What is expected: Your task is to copy exactly the lines from the line containing "- 9-fach verstellbare" through the end of the listing below, with pictures left out.

Data excerpts:
|---|

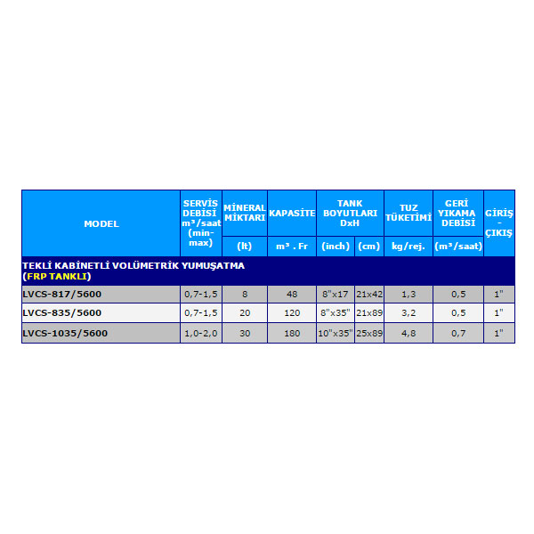 Ham su sertliğine bağlı olarak mineral tankının büyüklüğü
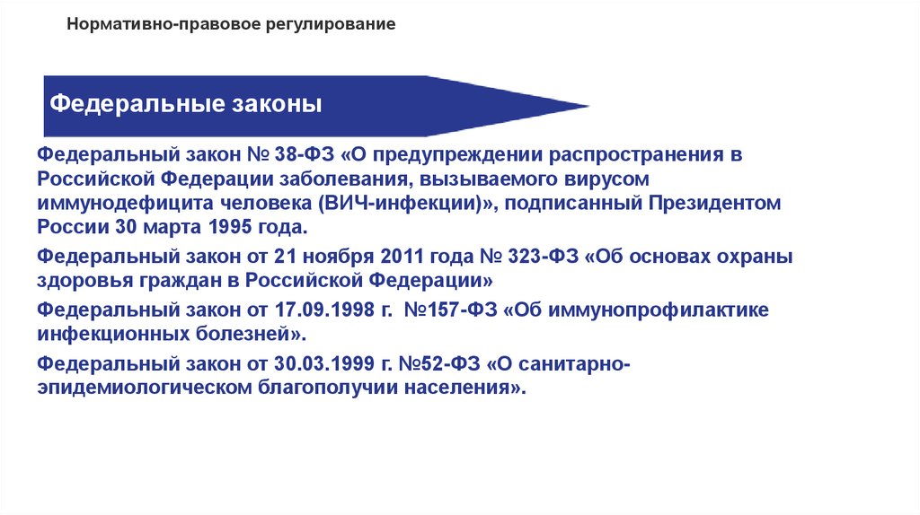 Федеральный закон от 30.03.1999 г. №52-ФЗ «О санитарноэпидемиологическом благополучии населения».
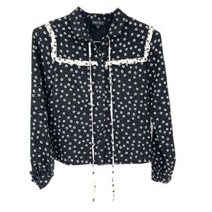 Honey Seed Vintage Flower Necktie Button Down Blouse Top
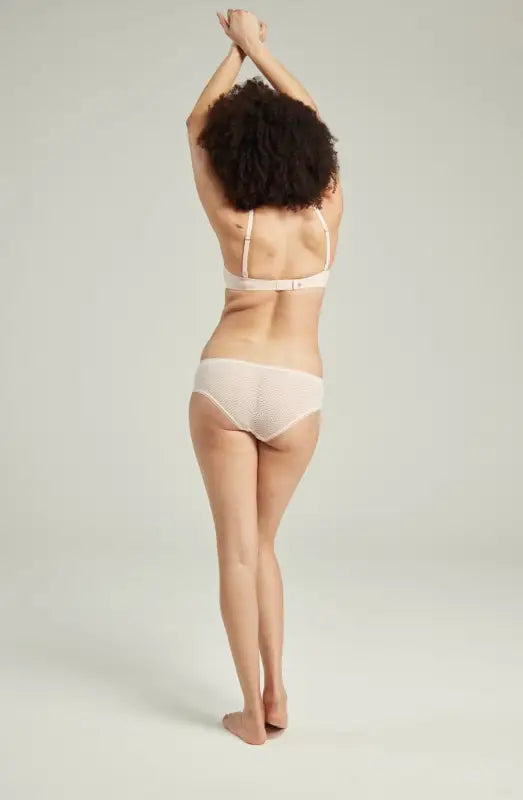 This stylish everyday bra combines modern design with a classic balconette lift. Crafted from delicate recycled lace, it features an elegant 1920s art deco aesthetic. Made sustainably with recycled materials, this bra includes double mesh for enhanced support and coverage. The multiway adjustable straps allow for versatile styling, including cross back, halter, and overarm options. With four hooks designed to extend the life of your bra, simply start on the loosest hook and adjust for a perfect fit over time. Nudea underwear prioritizes sustainability through the use of recycled or natural materials and special design features that enhance durability.
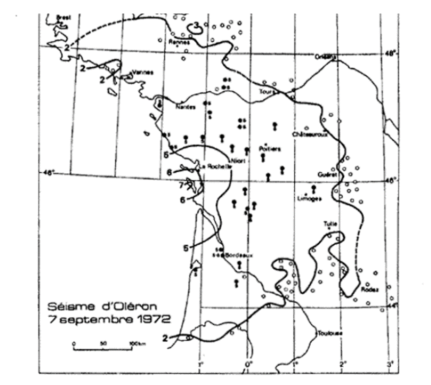 Le 07/09/1972 à 22h30, une violente secousse frappe la côte ouest de l’île d’Oléron et est ressentie dans une grande partie de la France. Quelques arrondissements parisiens à 420 KM sont atteints (les bassins sédimentaires facilitent la transmission des ondes sismiques). Des immeubles de Bordeaux voient les habitants apeurés descendre dans les parkings (les bâtiments en étages élevés et sous-sol profond sont plus sensibles aux vibrations souterraines). Les sismographes du monde entier enregistrent la secousse dont celui de Brisbane à 16 925 Km. L’intensité évaluée est de 5.7° sur l’échelle de Richter. Dans un large arc de la façade Atlantique Française il y a de nombreux dégâts sur les habitations, pour Saint-Pierre d’Oléron 15 maisons lézardées, 400 cheminées tombées et électricité coupée, mais un seul décès est à déplorer, lié au stress. Des répliques auront lieu dès le lendemain à 2 h, 3 h. et vers 7 h du matin, puis pendant 4 jours, mais de moindre intensité.
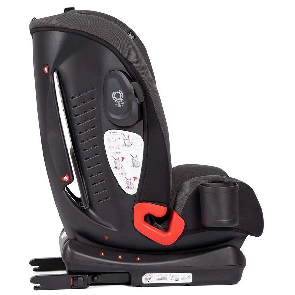 - 9-fach verstellbare ISOFIX Konnektoren, Top Tether und der Fahrzeuggurt sorgen für eine sichere Installation im Fahrzeug
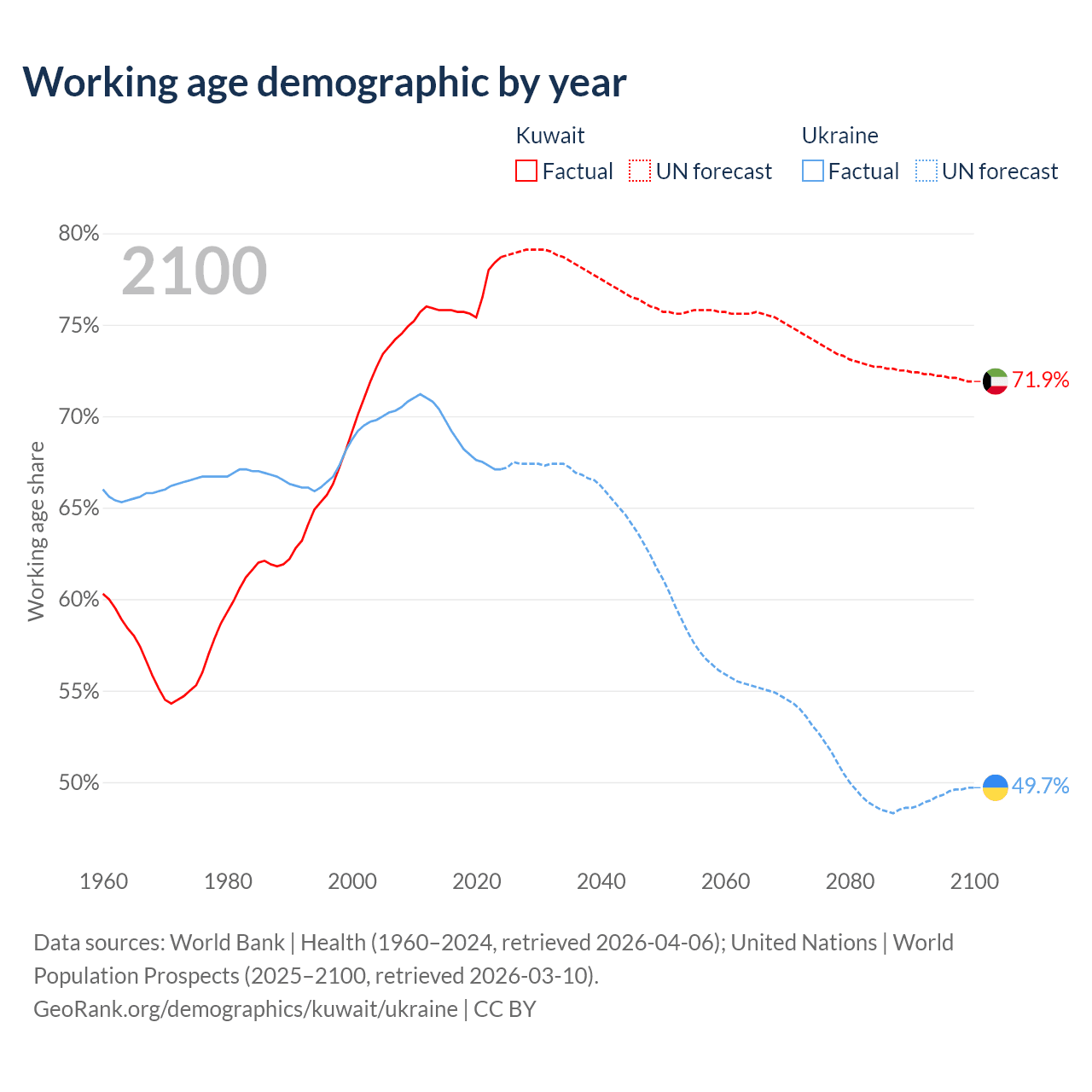 - Kuwait has 4.01M working age adults (aged 15-64) vs 26.9M in Ukraine.
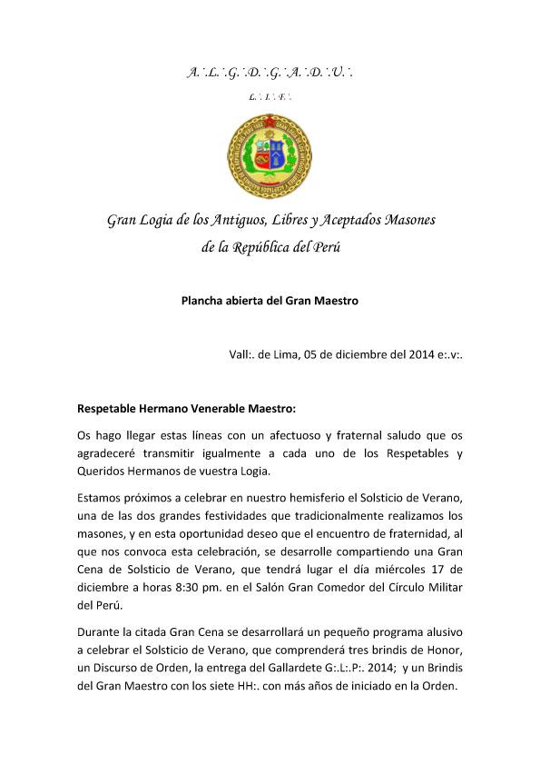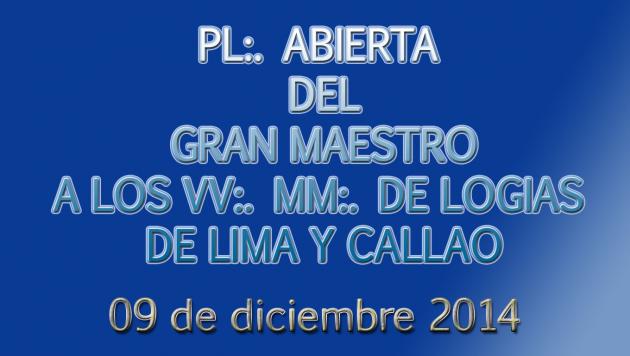 PL.·. ABIERTA DEL GRAN MAESTRO A LOS VV:.MM:. DE LOGIAS DE LIMA Y CALLAO

|---|

Written reply:
 - 9-fach verstellbare ISOFIX Konnektoren, Top Tether und der Fahrzeuggurt sorgen für eine sichere Installation im Fahrzeug
 - Kuwait has 4.01M working age adults (aged 15-64) vs 26.9M in Ukraine.
 PL.·. ABIERTA DEL GRAN MAESTRO A LOS VV:.MM:. DE LOGIAS DE LIMA Y CALLAO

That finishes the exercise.